Judgement is about calling, it’s a sudden urge so intense that it feels like as if it’s not you that desire it, but an angel that is calling you. You might be telling yourself, you have to do this, this is what you are meant to do.
You might want to change career, you might want to get married, you might want to move to Asia and start all over again. Whatever it is, the decision would have big influences on your life. After the plan is carried out, you might be thinking about how you never expected this to happen but is very grateful for it.
This is the moment that you found your passion, that you dropped everything seems dear to you to pursue what really matters. But there is a twist.
Firstly, it might be a delusion, especially when the card is reversed, and especially when you find your passion and purpose every week. This week it’s “I’m gonna be a Tarot reader and save everyone”, next week it’s “I’m gonna be an artist and draw beautiful pictures”, another week passes and you’re onto something else. Apparently all of them are just illusions.
Secondly, you don’t just embrace such a life-changing desire. There will be fear. There will be doubt. There will be procrastination. Just think about all these people stuck in a job they don’t like. The reason that they don’t do whatever they enjoy more is that they fear the unknown.
You will fear the unknown too when you feel “the calling”, and then you might be thinking about doing something for years without actually doing it. And you might still think that you’re waiting for the calling.
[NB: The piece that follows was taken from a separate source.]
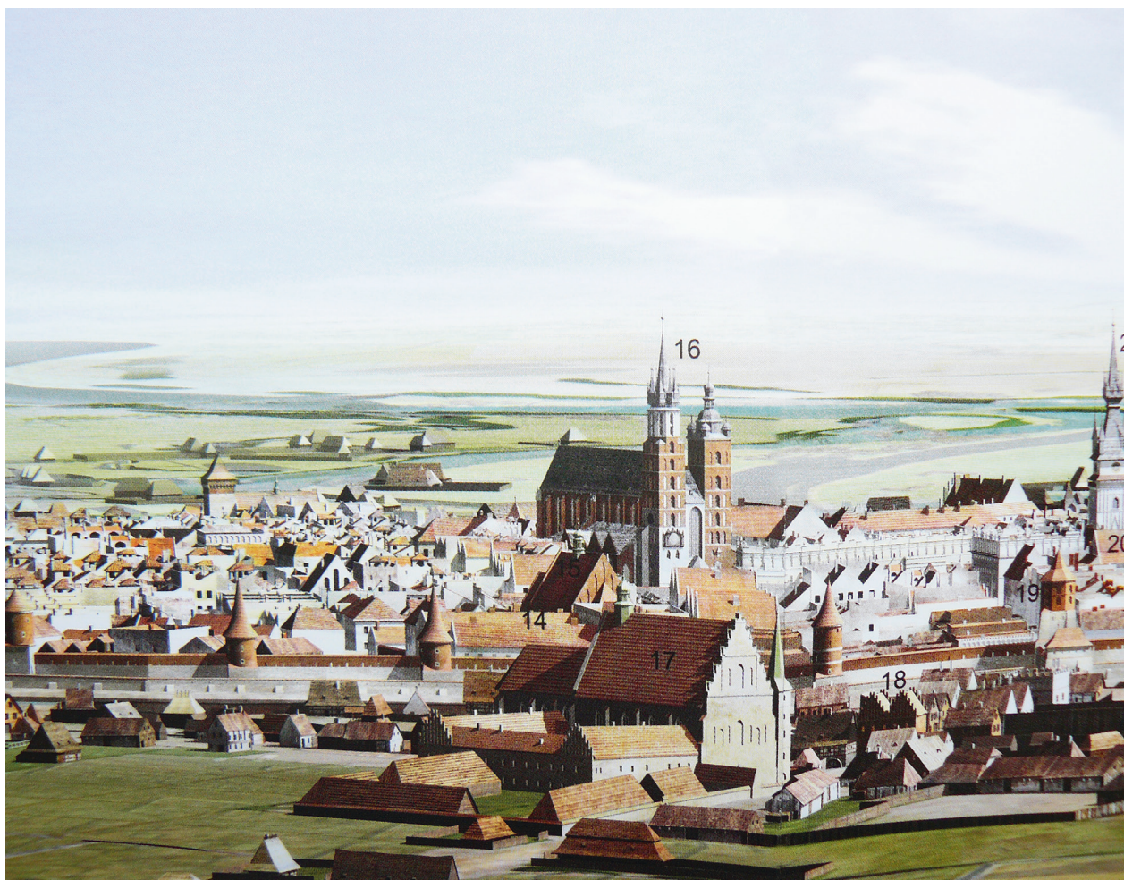
Fragment panoramy Krakowa od północnego zachodu, według stanu z około połowy XVII w., nr 14 – kolegium jezuickie, nr 15 – kościół św. Szczepana; reprod. za: Firlet E., Opaliński P.: Cracovia 3D. Via Regia – Kraków na szlaku handlowym w XIII–XVII wieku. Kraków 2013, s. nlb., oprac. graficzne Piotr Opaliński

wykonał te prace Adam Negowicz, który w 1678 roku podjął się nieokreślonych prac „ad S. Stephanum” 18 ?

Sometimes judgement is about how it’s time to let go of something. A relationship, a career, or a hobby. You will often see people deny their desire to let go. It happens a lot in relationships. Someone could be feeling dissatisfied, unhappy, and hearing the “calling” to end it, while still believing that she wants to stay in this relationship. Oftentimes she will be convinced that she is in a battle with fate or the Gods or other people, and has to fight to secure her love. But she is just fighting her own desire to leave what makes her unhappy. Often she will also blame her partner for “wanting to leave her”, or “not love her”, and cause a lot of drama. Of course she will deny that she wants to end the relationship. Stronger the denial, stronger the urge to leave, and the relationship usually suffers.